# Your goal:
Begin with the line below holding "VÅRBERG MUSEUM. ////" and go on through the line holding "内容・期間 | 通年(4月1日~翌3月31日)", duplicating each line exactly and leaving out pictures.

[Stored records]
- Opening Delimiter -

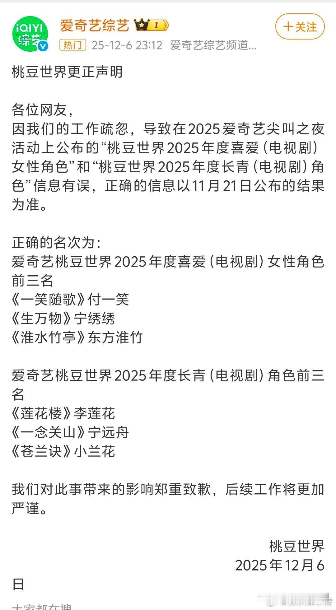 爱奇艺道歉爱奇艺道歉!这么重要的颁奖环节,粉丝 投的票,居然把两个人的奖搞错了,
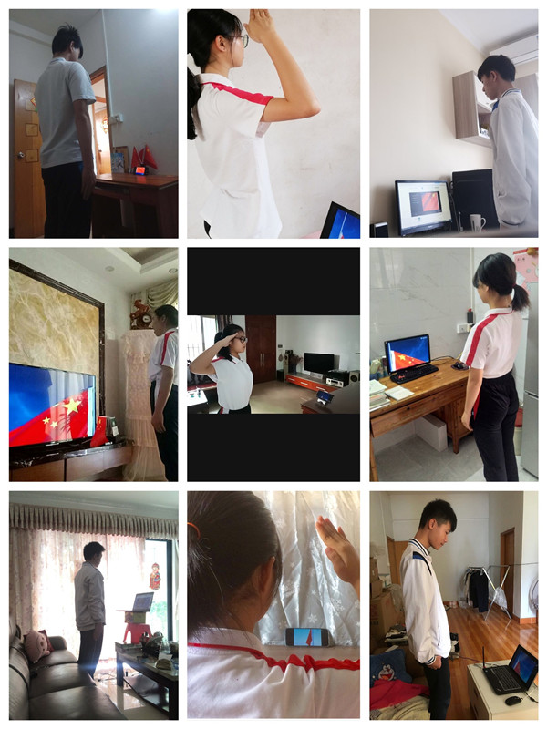 隨著國(guó)歌響起,鮮艷的五星紅旗冉冉升起,學(xué)校全體行政在學(xué)校,全體同學(xué)在家中整齊肅立,注視著國(guó)旗,唱響國(guó)歌。這是一場(chǎng)特殊的升旗儀式,更是一場(chǎng)特別的“開(kāi)學(xué)典禮”。
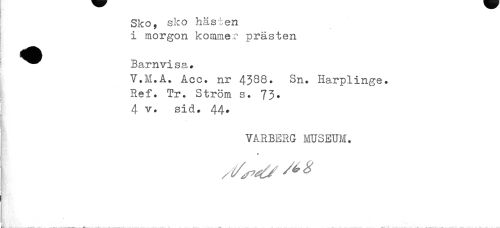 //// Sko, sko hästen i morgon kommer prästen //// ^^^ Barnvisa* //// V.M.A. Acc. nr 4338. Sn. Ilarplinge. //// Ref. Tr. Ström s. 73. 4 v. sid. 44» //// VÅRBERG MUSEUM. ////
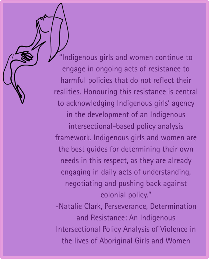 Clark, Natalie (2013). “Perseverance, Determination and Resistance: An Indigenous Intersectional Policy Analysis of Violence in the Lives of Aboriginal Girls and Women.”
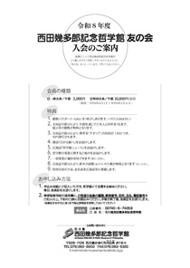 | 内容・期間 | 通年(4月1日~翌3月31日) ・西田幾多郎記念哲学館友の会会員の鈴木大拙館無料入館 ・鈴木大拙館賛助会員の西田幾多郎記念哲学館無料入館 5月19日(西田幾多郎の誕生日) ~11月11日(鈴木大拙の誕生日) ・入館券半券でもう一方の館に無料で入館可能 (注)半券1枚につき1回限り |
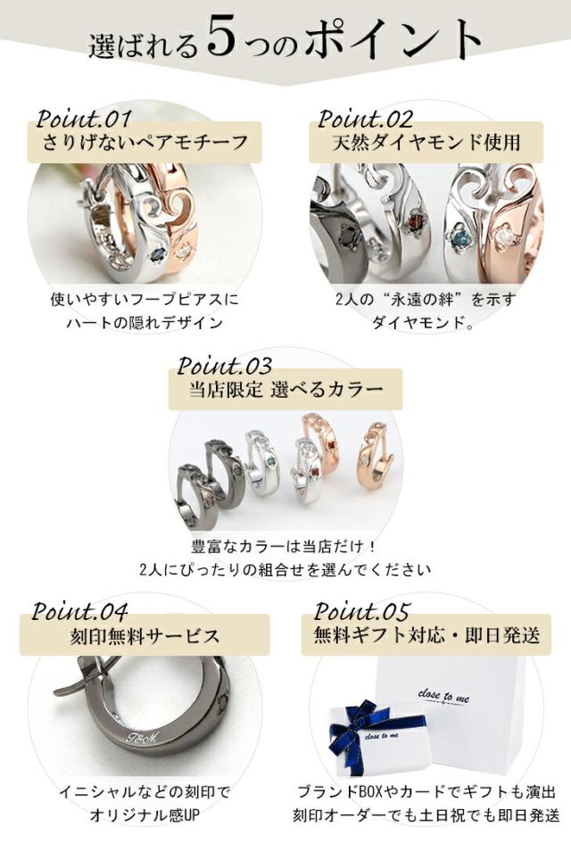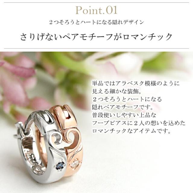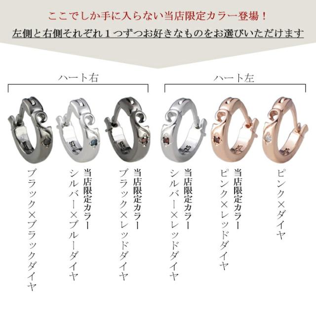 刻印無料 当店限定 選べる ダイヤモンド アラベスク ハート ペアピアス (片耳用) シルバー925 ペアアクセサリー ペア フープピアス

- Closing Delimiter -

# Reply to the exercise:
 //// Sko, sko hästen i morgon kommer prästen //// ^^^ Barnvisa* //// V.M.A. Acc. nr 4338. Sn. Ilarplinge. //// Ref. Tr. Ström s. 73. 4 v. sid. 44» //// VÅRBERG MUSEUM. ////
 Clark, Natalie (2013). “Perseverance, Determination and Resistance: An Indigenous Intersectional Policy Analysis of Violence in the Lives of Aboriginal Girls and Women.”
 | 内容・期間 | 通年(4月1日~翌3月31日) ・西田幾多郎記念哲学館友の会会員の鈴木大拙館無料入館 ・鈴木大拙館賛助会員の西田幾多郎記念哲学館無料入館 5月19日(西田幾多郎の誕生日) ~11月11日(鈴木大拙の誕生日) ・入館券半券でもう一方の館に無料で入館可能 (注)半券1枚につき1回限り |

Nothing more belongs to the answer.